» **ACTIVITY**
Please reproduce all of the data exactly as it appears, but skip the pictures.

» **AVAILABLE DATA**
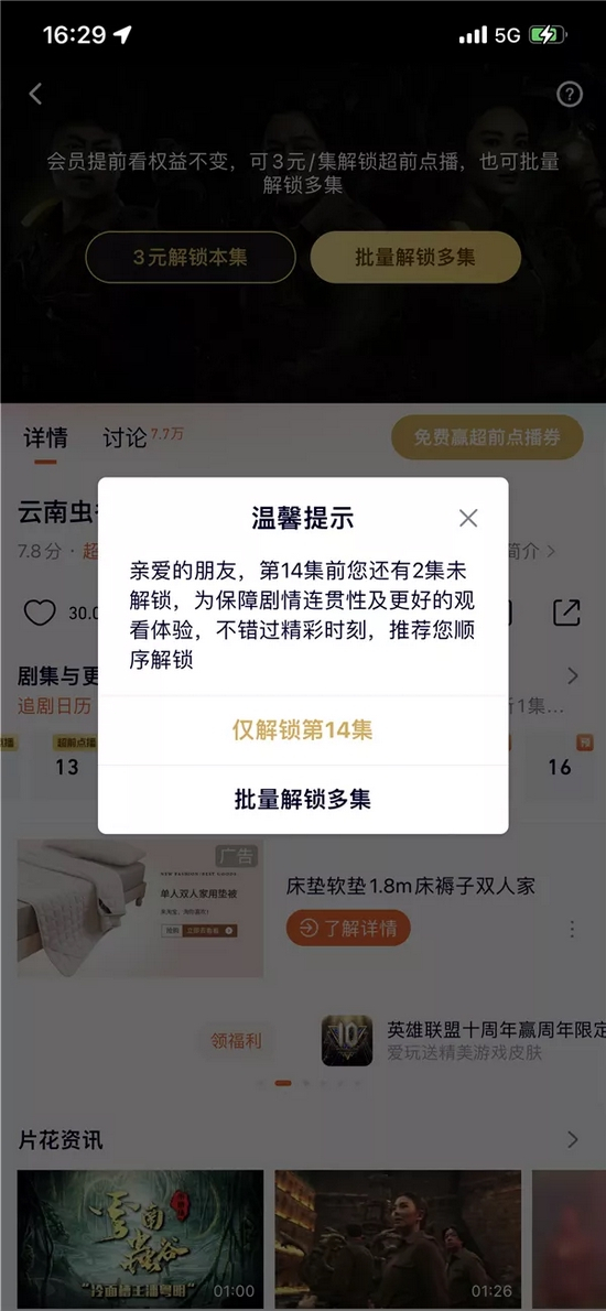 9月10日,腾讯视频正在热播的《云南虫谷》的超前点播已可选集解锁。针对批评,腾讯视频发布《关于优化超前点播服务的声明》,并表示会调整超前点播的解锁规则。
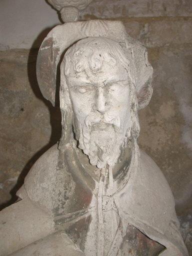 Le bâton de pèlerin a disparu. Il subsiste quelques traces de polychromie. La pierre est rongée.
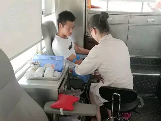 尽管车上温度火热,依旧坚守在岗位上等您来献血!
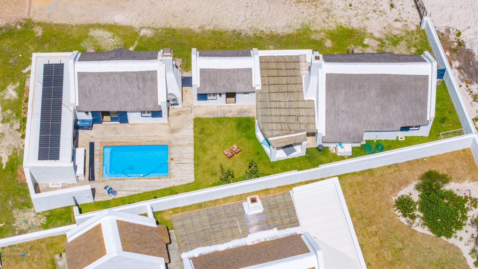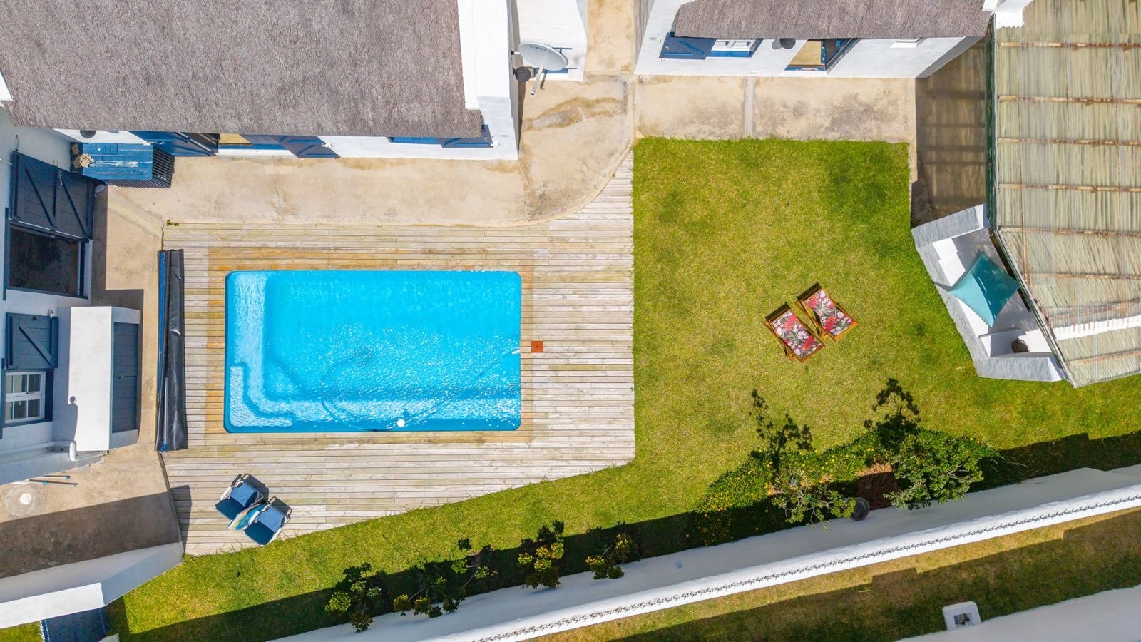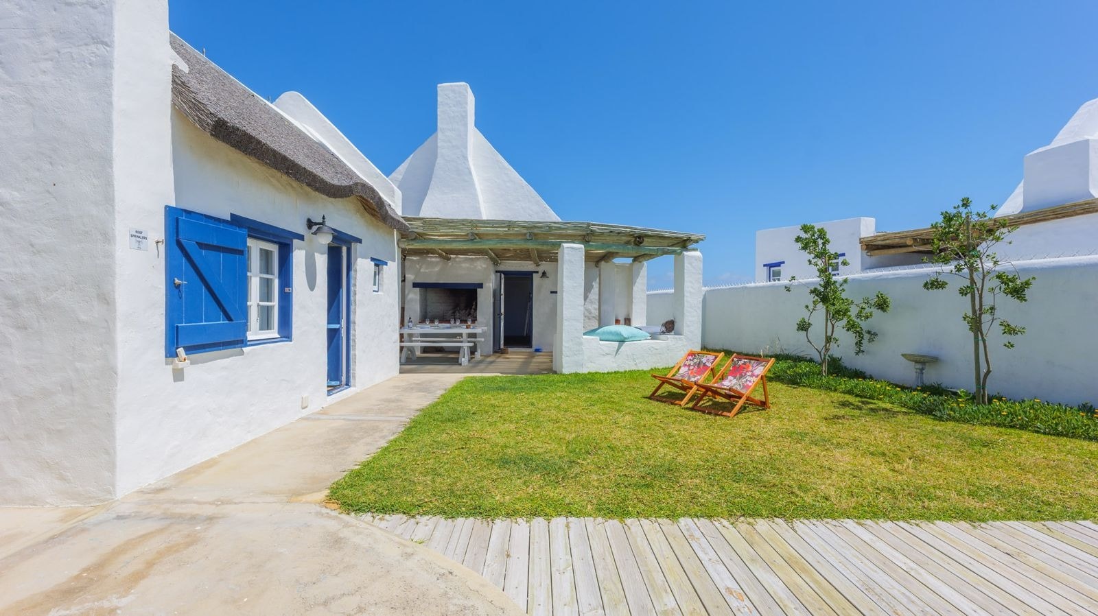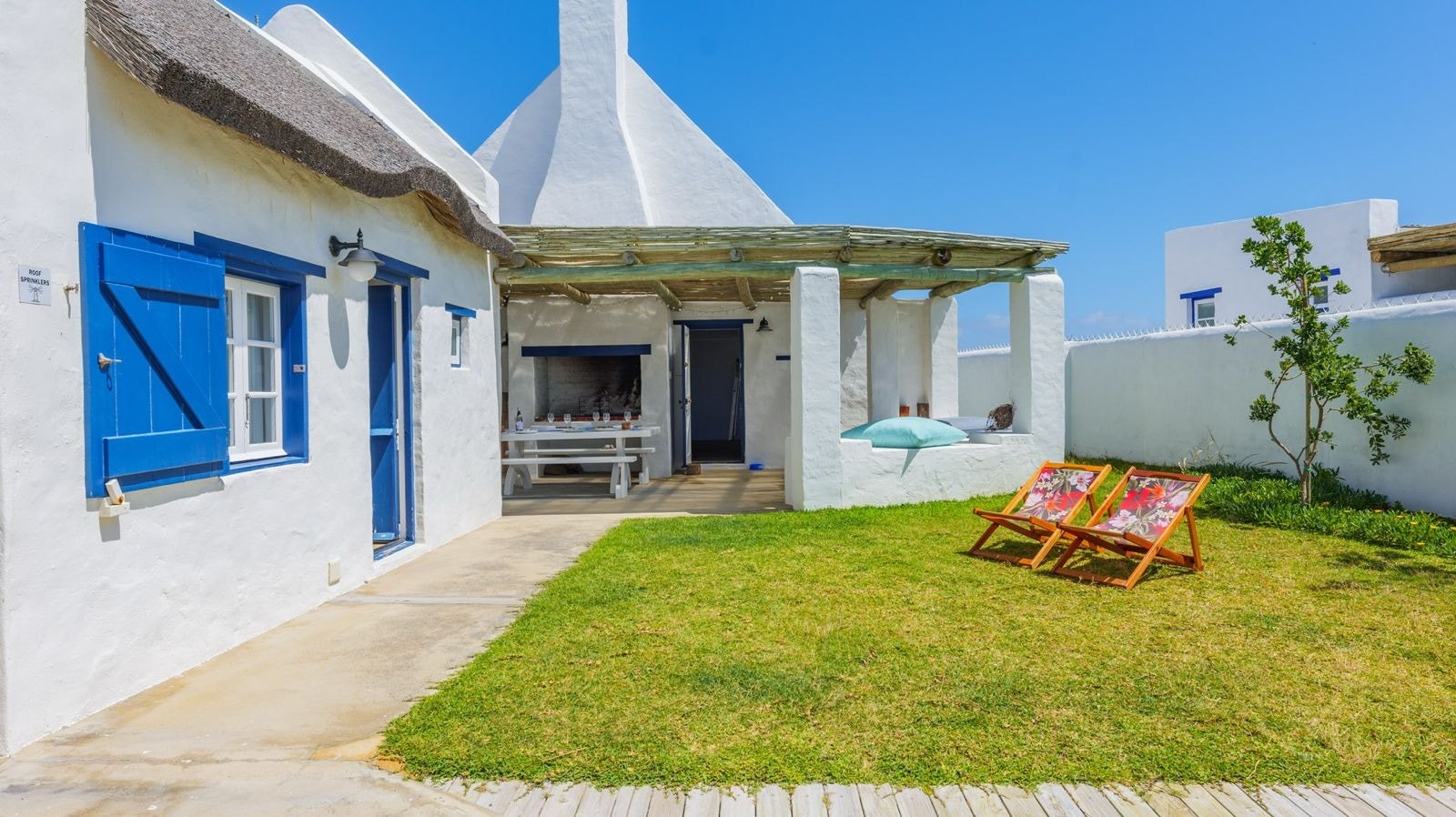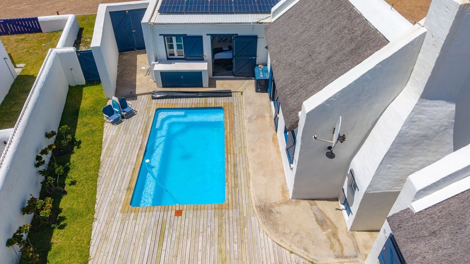 Outside is a covered patio with an outdoor dining table and a built-in braai which creates a great spot for guests to fully unwind and enjoy a sundowner while the fire is burning. This patio leads to an inviting swimming pool for guests to cool off.
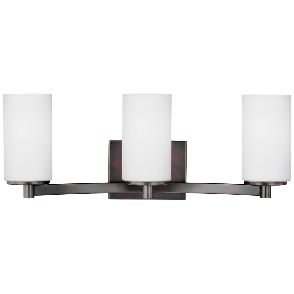 The Hettinger three light vanity fixture in bronze provides abundant light for your bath vanity, while adding a layer of today's style to your interior design. The Hettinger lighting collection by combines a traditional look with chic, modern charm. The minimalism of the tubular glass shades balances with the unique, outward-curve of the semi-circular arm detail. It's available in three finishes - Burnt Sienna and Brushed Nickel for the whole collection, and Chrome for the bath vanities. The assortment includes six- and nine-light chandeliers, a one-light wall sconce, two-, three- and four-light bath vanity fixtures, a three-light pendant and two- light semi-flush convertible pendant. Incandescent and ENERGY STAR-qualified LED lamping are available, all fixtures are California Title 24 compliant.
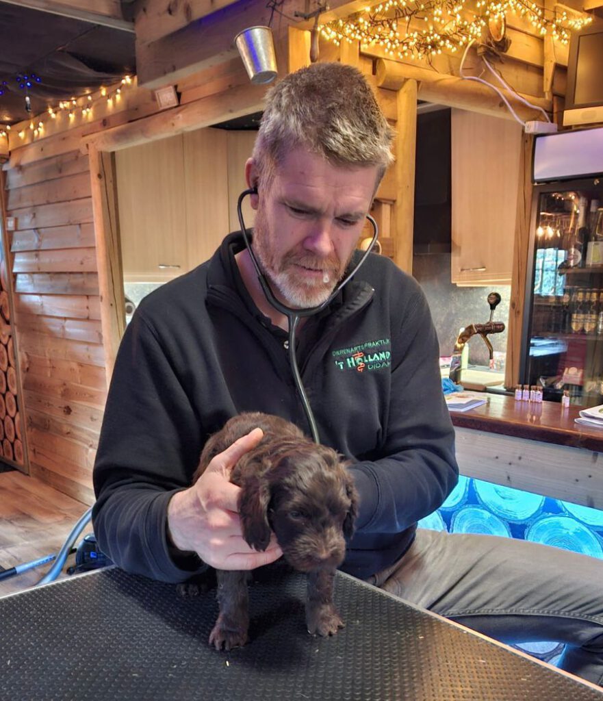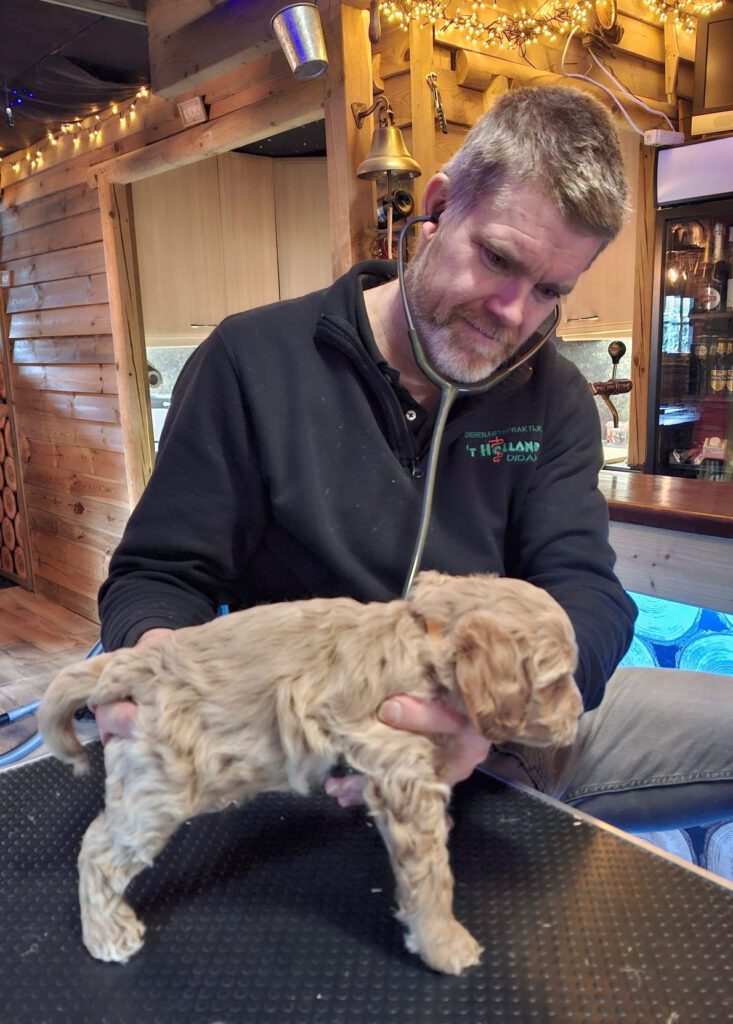 6 weken oud : dierenarts Egbert van het Holland heeft de pups allemaal geeënt en gechipt. Hij vond het een mooi nestje!

» **SOLUTION TO THIS PROBLEM**
 9月10日,腾讯视频正在热播的《云南虫谷》的超前点播已可选集解锁。针对批评,腾讯视频发布《关于优化超前点播服务的声明》,并表示会调整超前点播的解锁规则。
 Le bâton de pèlerin a disparu. Il subsiste quelques traces de polychromie. La pierre est rongée.
 尽管车上温度火热,依旧坚守在岗位上等您来献血!
 Outside is a covered patio with an outdoor dining table and a built-in braai which creates a great spot for guests to fully unwind and enjoy a sundowner while the fire is burning. This patio leads to an inviting swimming pool for guests to cool off.
 The Hettinger three light vanity fixture in bronze provides abundant light for your bath vanity, while adding a layer of today's style to your interior design. The Hettinger lighting collection by combines a traditional look with chic, modern charm. The minimalism of the tubular glass shades balances with the unique, outward-curve of the semi-circular arm detail. It's available in three finishes - Burnt Sienna and Brushed Nickel for the whole collection, and Chrome for the bath vanities. The assortment includes six- and nine-light chandeliers, a one-light wall sconce, two-, three- and four-light bath vanity fixtures, a three-light pendant and two- light semi-flush convertible pendant. Incandescent and ENERGY STAR-qualified LED lamping are available, all fixtures are California Title 24 compliant.
 6 weken oud : dierenarts Egbert van het Holland heeft de pups allemaal geeënt en gechipt. Hij vond het een mooi nestje!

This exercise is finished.